Aber damit habe ich ja nicht die write(java.io.File) Methode getestet...




SlaterB hat gesagt.:


> der ganze File-Check in der Methode,
> > if(!FileUtils.fileCheck(file, true))
> usw. ist übrigens recht absurd wenn das Mock-File ungeprüft true zurückgibt,
> wozu eigentlich der Test wenn letztlich die Haupt-Aktion der Methode, Schreiben auf die Festplatte, gar nicht durchgeführt wird?
> dann lieber gar nicht testen.. oder willst du nur mögliche NullPointerException-Bugs jagen?




Öh, das verstehe ich jetzt nicht so ganz.
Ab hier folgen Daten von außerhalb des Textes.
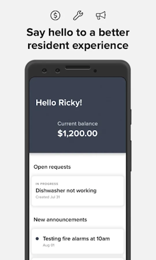 - Don't stress if you have an issue that needs to be fixed! Easily submit a request right from the app and include a photo so your property manager can get it resolved as soon as possible.
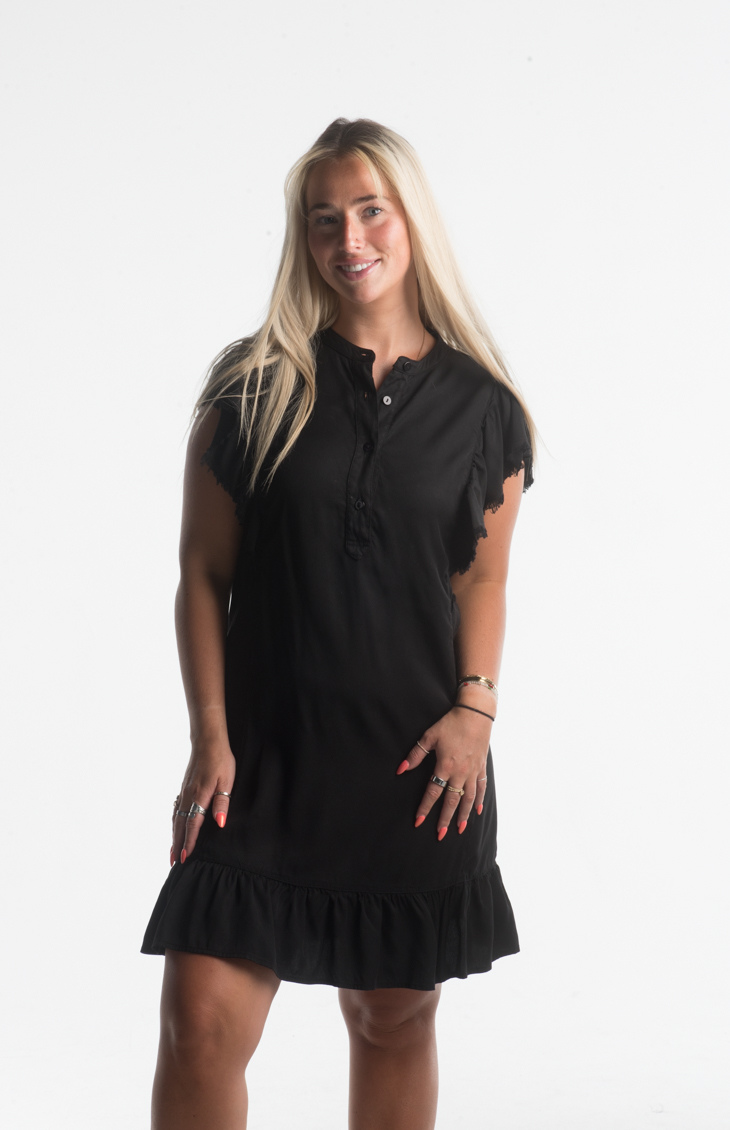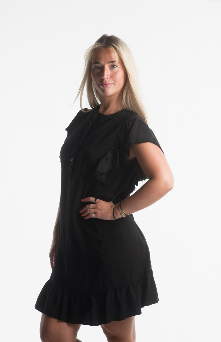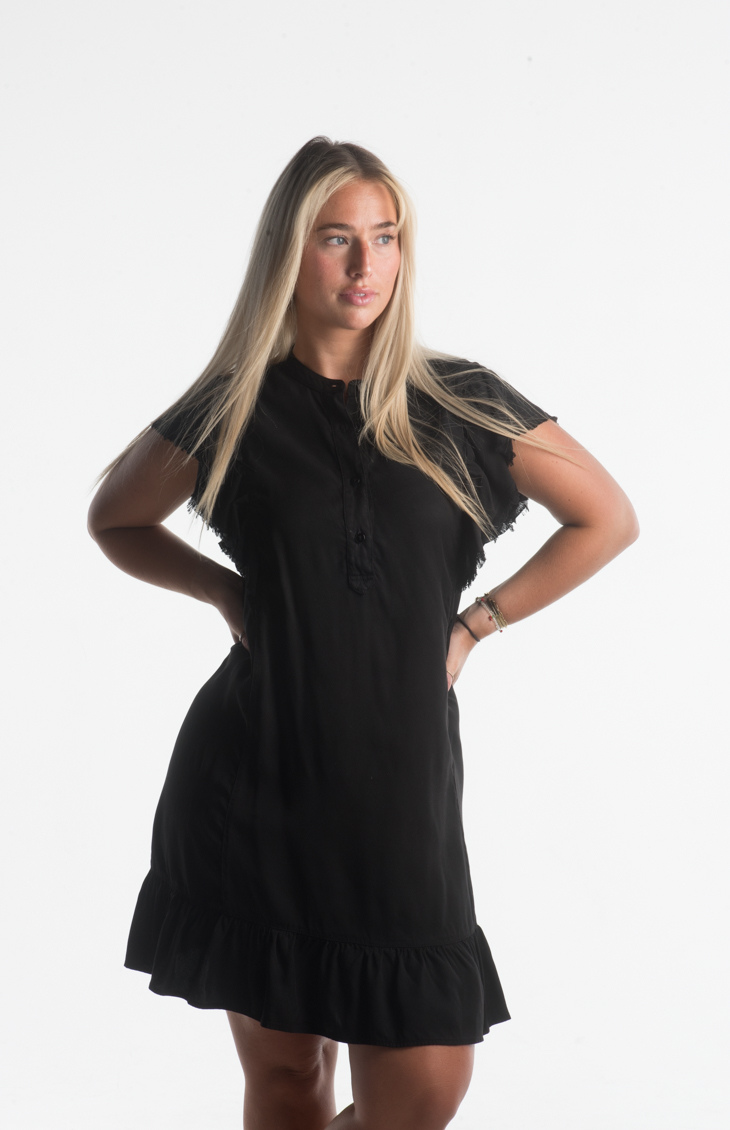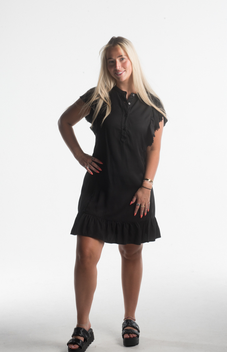 The Maven Whimsy Dress offers a playful yet elegant look. Its ruffled edges and v-neckline create a flattering silhouette, making it a must-have for any fashion-forward individual. Ideal for both casual and formal occasions, this dress provides a versatile option. Complete the look with statement earrings and ankle boots.

Die Klasse ist ja nicht nur zum Testen da. Der test soll "im echten Leben" gucken ob die übergebene Datei lesbar ist. Oder spielst du auf das Boolean.TRUE an? Das hat damit nix zu tun, das legt nur die Datei an, falls sie noch nicht existiert (wenn true).


----------



## SlaterB (11. Sep 2010)

> Die Klasse ist ja nicht nur zum Testen da. Der test soll "im echten Leben" gucken ob die übergebene Datei lesbar ist.

von Lesen sehe ich nicht viel, aber wenn du auf File.canRead() ansprichst na ok, 
da kann ich jetzt spontan auch nicht wirklich sagen inwieweit das zu testen ist,

bei
> public void write(Writer writer)
hast du nun aber einen Test, der auch überprüft was am Ende geschrieben rauskommt, das finde ich gut, ja in der Richtung dachte ich,
nicht dass du einen Mock übergibst der den geschrieben Text einfach verschwinden läßt (statt auf die Festplatte),

und deine Methodenbeschreibung sagt ja auch, dass in einen beliebigen Stream geschrieben wird, nicht unbedingt eine Datei,
also keine Kritik mehr


----------



## bananenkasper (11. Sep 2010)

Ja, gefällt mir auch schon ganz gut so  Also schonmal vielen Dank an dieser Stelle! :toll:

Bleibt nur noch ein Problem:
Effektiv teste ich nur eine von drei Methoden, was, je länger ich drüber nachdenke, auch OK ist, da die beiden anderen Methoden eh nur delegieren.
Aber:
So ist die Test-coverage ziemlich mickrig, das ist schlecht für die Statistik! 
Kann ich da noch was rausholen?


----------